A cultura do ódio foi destrinchada criticamente no livro Uma reportagem maldita: Querô (1976), de Plínio Marcos (1935-1999). Já agonizante, o marginal Querô conta a um jornalista a história da sua vida, momentos antes de ser “apagado” pela polícia. Filho de uma prostituta que, desesperada, suicida-se bebendo querosene, o marginal foi apelidado ironicamente de Querô, redução da palavra querosene. Sua experiência será marcada pela arquitetura da destruição. Com pai desconhecido e mãe suicida, criado num prostíbulo, ele liga-se muito cedo a um grupo de “trombadinhas”; rouba, é traído pelos companheiros e acaba sendo preso. Eliminar os policiais seria um modo de compensar todas as agressões de que foi vítima ao longo da vida. Uma vez armado, entra em conflito aberto com os policiais; mata-os, mas também é alvejado. Ferido, agonizante, é caçado e descoberto por uma equipe de policiais (Esquadrão da Morte?) que o elimina, fuzilando-o impiedosamente.

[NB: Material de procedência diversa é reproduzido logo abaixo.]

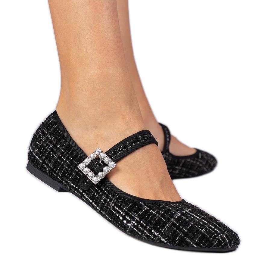 Az 1 cm magasságú lapos sarok miatt a balerinák rendkívül kényelmesek, hosszú napok futás közben. A négyzet alakú orr és a finom dekorációk cirkonok formájában eleganciát adnak számukra, így mind a mindennapi stilizációk, mind a formálisabb ruhák illeszkednek. A fekete színek és a megfelelő fekete talp ez ezeket a balerinákat sokoldalú ruhadarabbá teszi, harmonikusan keverve a klasszikus szoknyákkal, valamint az alkalmi farmerekkel.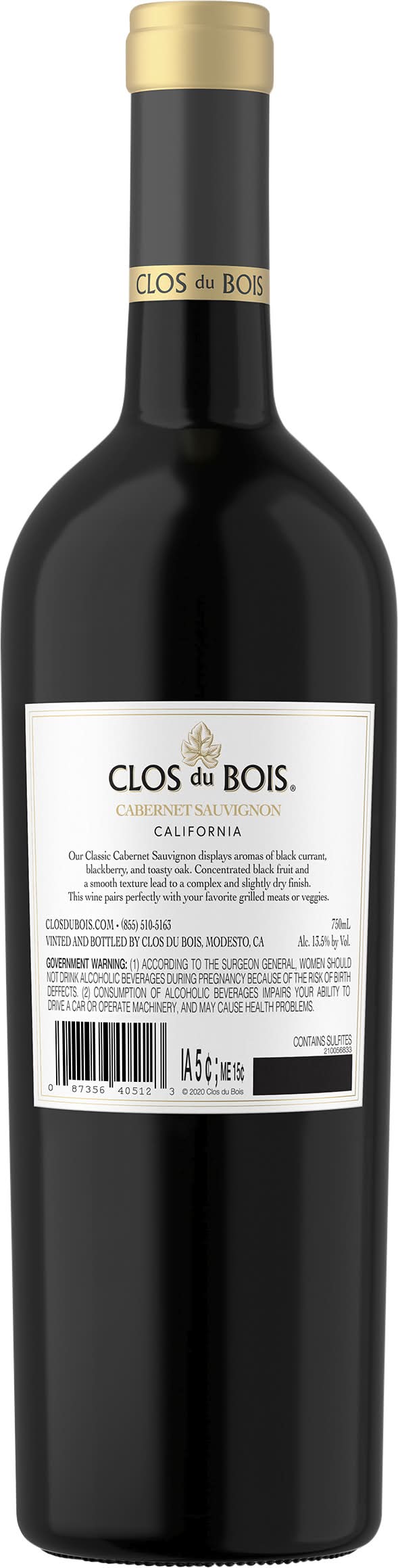 Hand-selected lots. Our Classic Cabernet Sauvignon displays aromas of black currant, blackberry, and toasty oak. Concentrated black fruit and a smooth texture lead to a complex and slightly dry finish. • Alcohol by volume: 13.5% • Clos Du Bois, Modesto CA

Não devemos nos esquecer de que o preconceito é insidioso e que todos fomos educados e condicionados a pensar de acordo com as estruturas coloniais e racistas. Temos convivido com uma história de privilégios, colonialismo, discriminação, exclusão, como se essas situações fossem normais. No mundo atual, o racismo e a intolerância à diferença mostram-se cada vez mais frequentes e mais cruéis. Entre outras razões, nós nos tornamos bárbaros porque nos desumanizamos, porque produzimos um esvaziamento da nossa subjetividade, porque nos afastamos das nossas tradições, porque nos desenraizamos das nossas origens, porque dessacralizamos o mundo em que vivemos, porque fomos engolidos por uma lógica capitalista perversa, porque nos falta amor ao próximo, este simples e, ao mesmo tempo, sofisticado elemento civilizador.

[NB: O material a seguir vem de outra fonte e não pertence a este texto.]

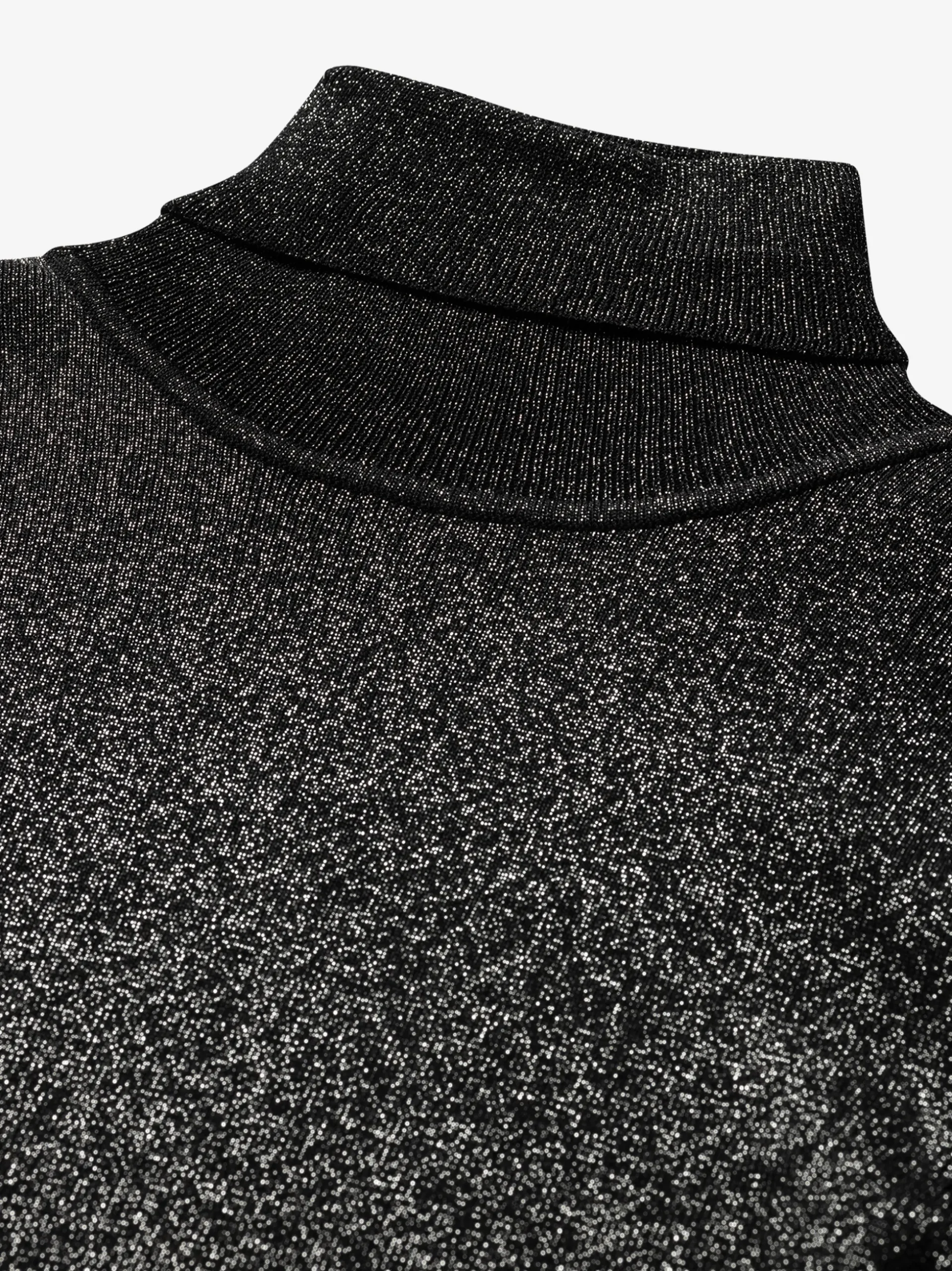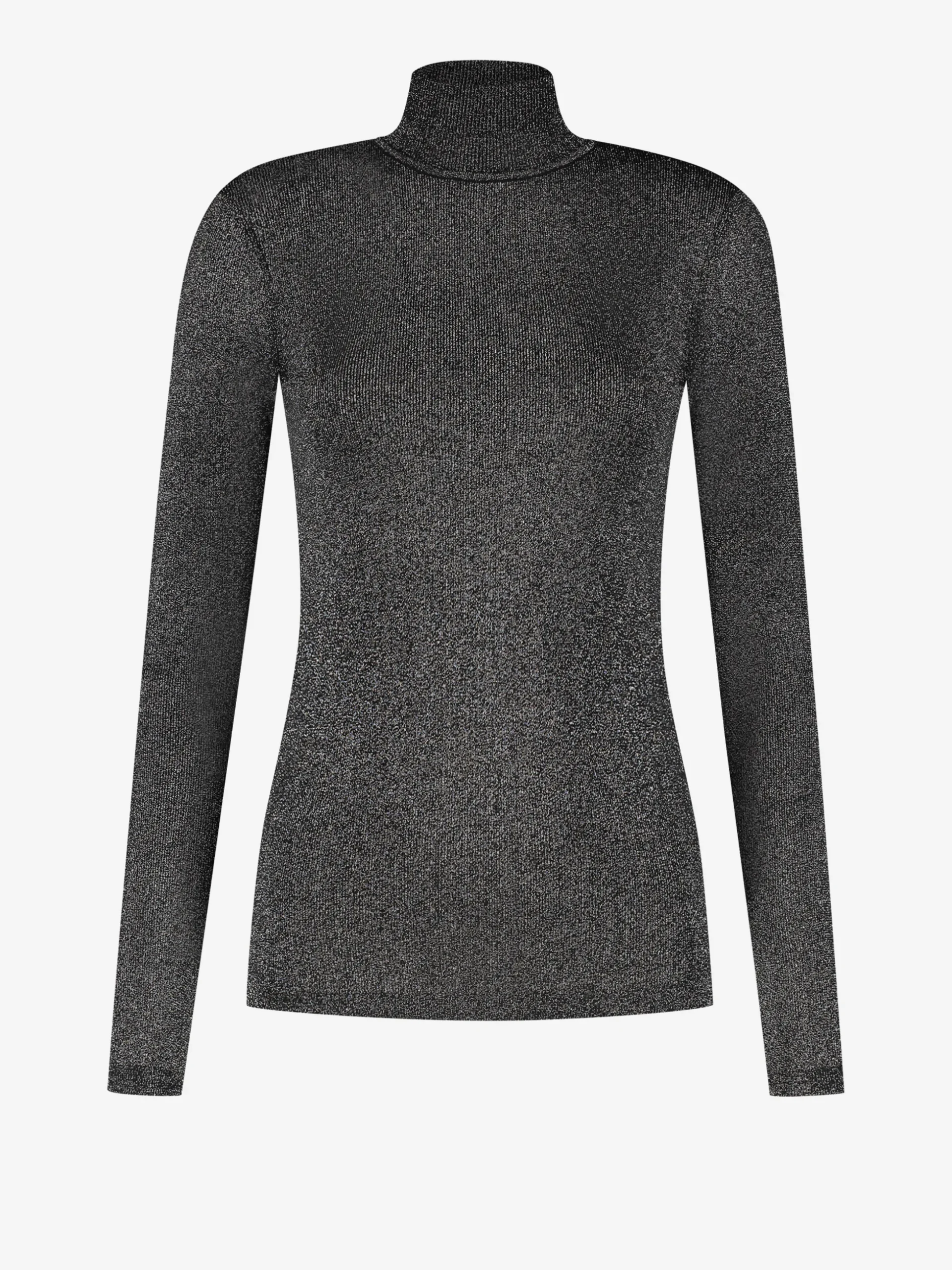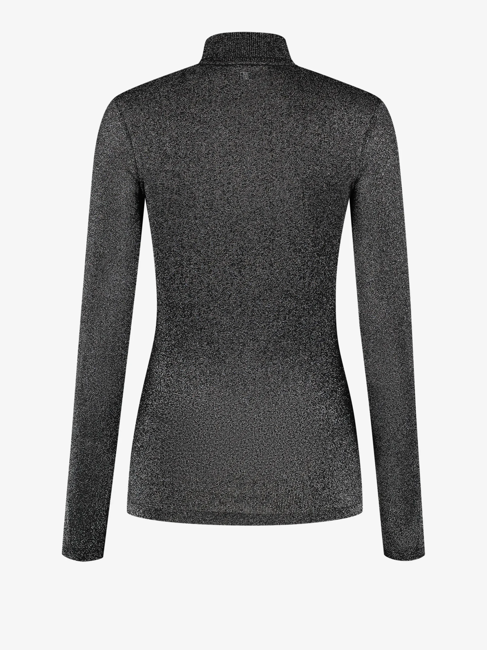 Geribbelde glitter top met een getailleerde pasvorm, een col en stretch.
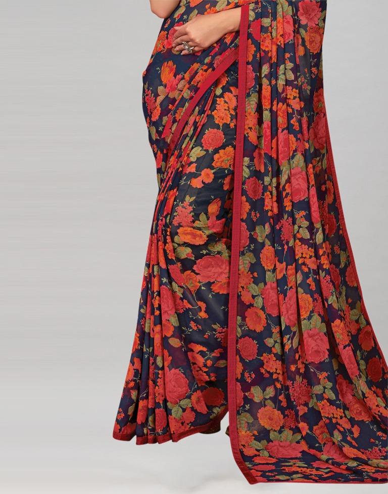 Navy Blue Printed Georgette Saree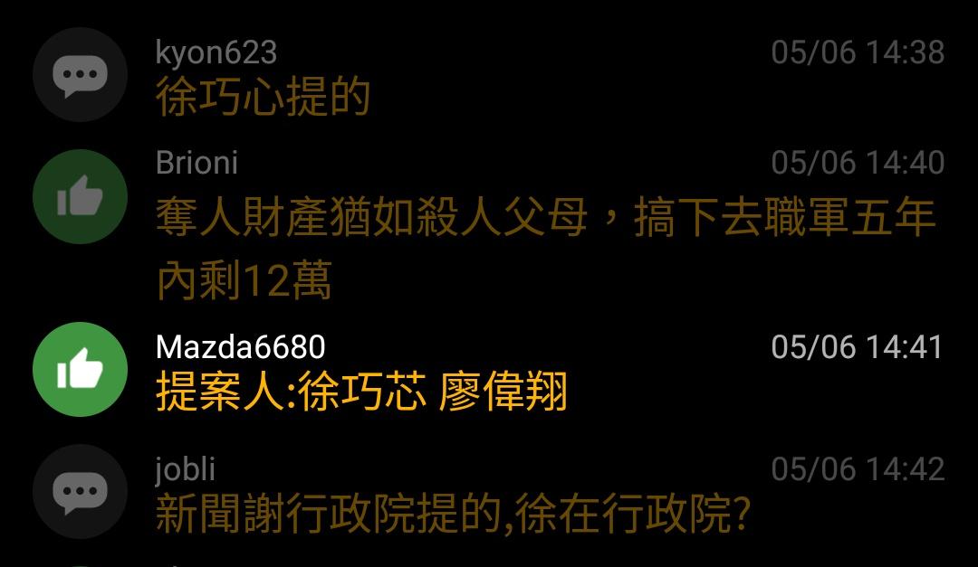 → jobli : 我等馬自達給我這個法案是徐巧芯提案,行政院跟國防 05/06 15:59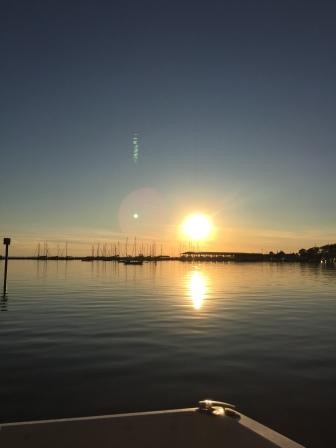 We settled the boat, checked in at the marina office, and went back to the boat for a well-deserved adult beverage. Not wanting to cook and now very tired, we decided to go Waterman’s Crab House for dinner. This restaurant is right next to the marina and we ate there the last time we were here. It is usually a happening place, with a live band every Friday and Saturday in the summer. We got seated right away and the place was very empty, despite great weather. Mark ordered shrimp and Denise ordered steamed crabs, trying to capture one last bite before the end of the season. They were good, but a lot of work. Next time she will order the soft-shell sandwich instead. The best part of this place is the million-dollar view and we got our money’s worth with this spectacular sunset tonight.

Sessenta mil homicídios por ano elevam o Brasil ao topo do ranking mundial nesse quesito brutal. As maiores vítimas, nesse contexto, são jovens, negros e moradores das periferias.
“Moro num país tropical/ Abençoado por Deus/ E bonito por natureza”. Essa alusão simpática ao Brasil, cantada por Jorge Ben Jor em País tropical (1969), vem perdendo sentido por conta da violência que nos assola. Sessenta mil homicídios por ano elevam o Brasil ao topo do ranking mundial nesse quesito brutal. As maiores vítimas, nesse contexto, são jovens, negros e moradores das periferias. A respeito, basta ouvir atentamente Negro drama (2002), canção do grupo de rap Racionais MC’s. Também é alarmante saber que o país se encontra na quinta posição mundial em número de feminicídios. A crueldade não para: a cada 29 horas, uma pessoa LGBT morre vitimada por crime de ódio. Já sabemos a causa desse quadro vergonhoso: a violência é um subproduto do desinvestimento na educação. Como se percebe, precisamos de brilho nos olhos, não de fogo nos olhos.